▸ **DATA PROVIDED**
▬▬▬

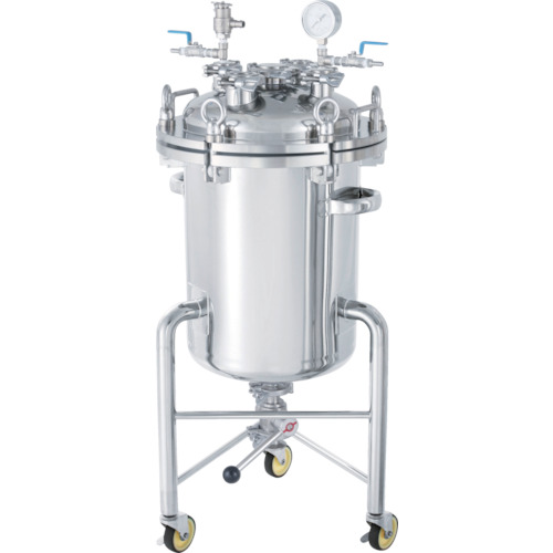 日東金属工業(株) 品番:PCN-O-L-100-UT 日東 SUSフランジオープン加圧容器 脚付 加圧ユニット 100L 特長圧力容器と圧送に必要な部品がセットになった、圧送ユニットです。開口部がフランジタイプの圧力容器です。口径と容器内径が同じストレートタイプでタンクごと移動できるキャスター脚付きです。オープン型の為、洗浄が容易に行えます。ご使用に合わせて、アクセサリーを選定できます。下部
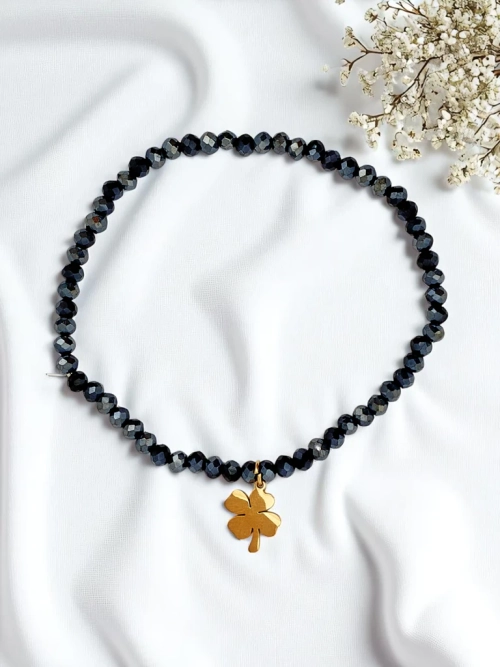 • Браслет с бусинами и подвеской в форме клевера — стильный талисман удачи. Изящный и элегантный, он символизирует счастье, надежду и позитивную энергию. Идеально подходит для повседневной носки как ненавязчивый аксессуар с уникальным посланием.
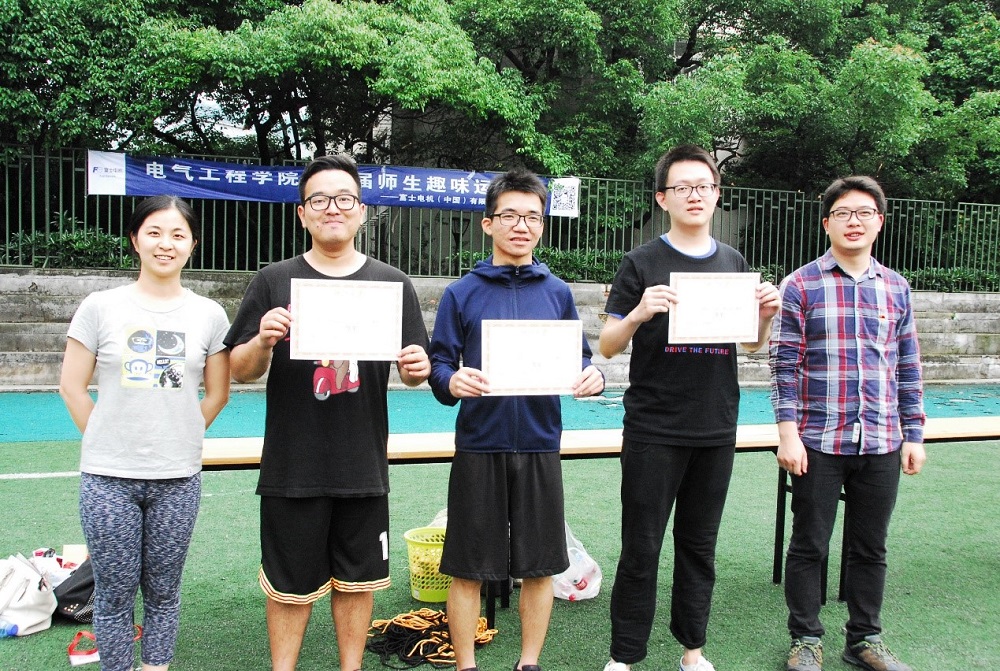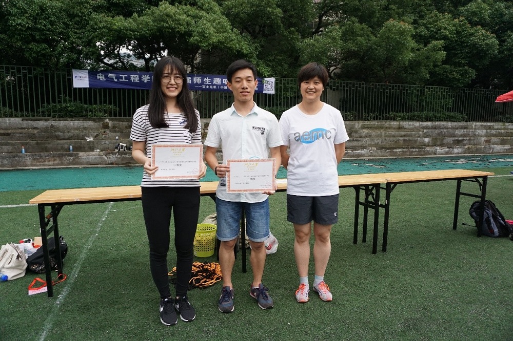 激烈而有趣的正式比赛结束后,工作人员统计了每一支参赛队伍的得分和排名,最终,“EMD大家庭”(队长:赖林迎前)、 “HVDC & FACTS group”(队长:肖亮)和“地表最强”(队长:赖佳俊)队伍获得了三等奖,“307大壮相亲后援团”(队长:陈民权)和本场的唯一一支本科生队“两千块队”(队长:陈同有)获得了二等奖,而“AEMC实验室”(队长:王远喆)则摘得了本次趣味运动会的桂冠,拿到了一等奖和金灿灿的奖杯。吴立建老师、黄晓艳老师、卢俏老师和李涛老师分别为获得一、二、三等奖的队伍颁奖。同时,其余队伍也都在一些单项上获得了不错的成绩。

▬▬▬

▸ **EXERCISE**
Copy the final stretch of lines, starting at the one that holds "с уникальным посланием." and ending at the last line of the data, exactly; omit pictures.

▸ **RESULT**
 • Браслет с бусинами и подвеской в форме клевера — стильный талисман удачи. Изящный и элегантный, он символизирует счастье, надежду и позитивную энергию. Идеально подходит для повседневной носки как ненавязчивый аксессуар с уникальным посланием.
 激烈而有趣的正式比赛结束后,工作人员统计了每一支参赛队伍的得分和排名,最终,“EMD大家庭”(队长:赖林迎前)、 “HVDC & FACTS group”(队长:肖亮)和“地表最强”(队长:赖佳俊)队伍获得了三等奖,“307大壮相亲后援团”(队长:陈民权)和本场的唯一一支本科生队“两千块队”(队长:陈同有)获得了二等奖,而“AEMC实验室”(队长:王远喆)则摘得了本次趣味运动会的桂冠,拿到了一等奖和金灿灿的奖杯。吴立建老师、黄晓艳老师、卢俏老师和李涛老师分别为获得一、二、三等奖的队伍颁奖。同时,其余队伍也都在一些单项上获得了不错的成绩。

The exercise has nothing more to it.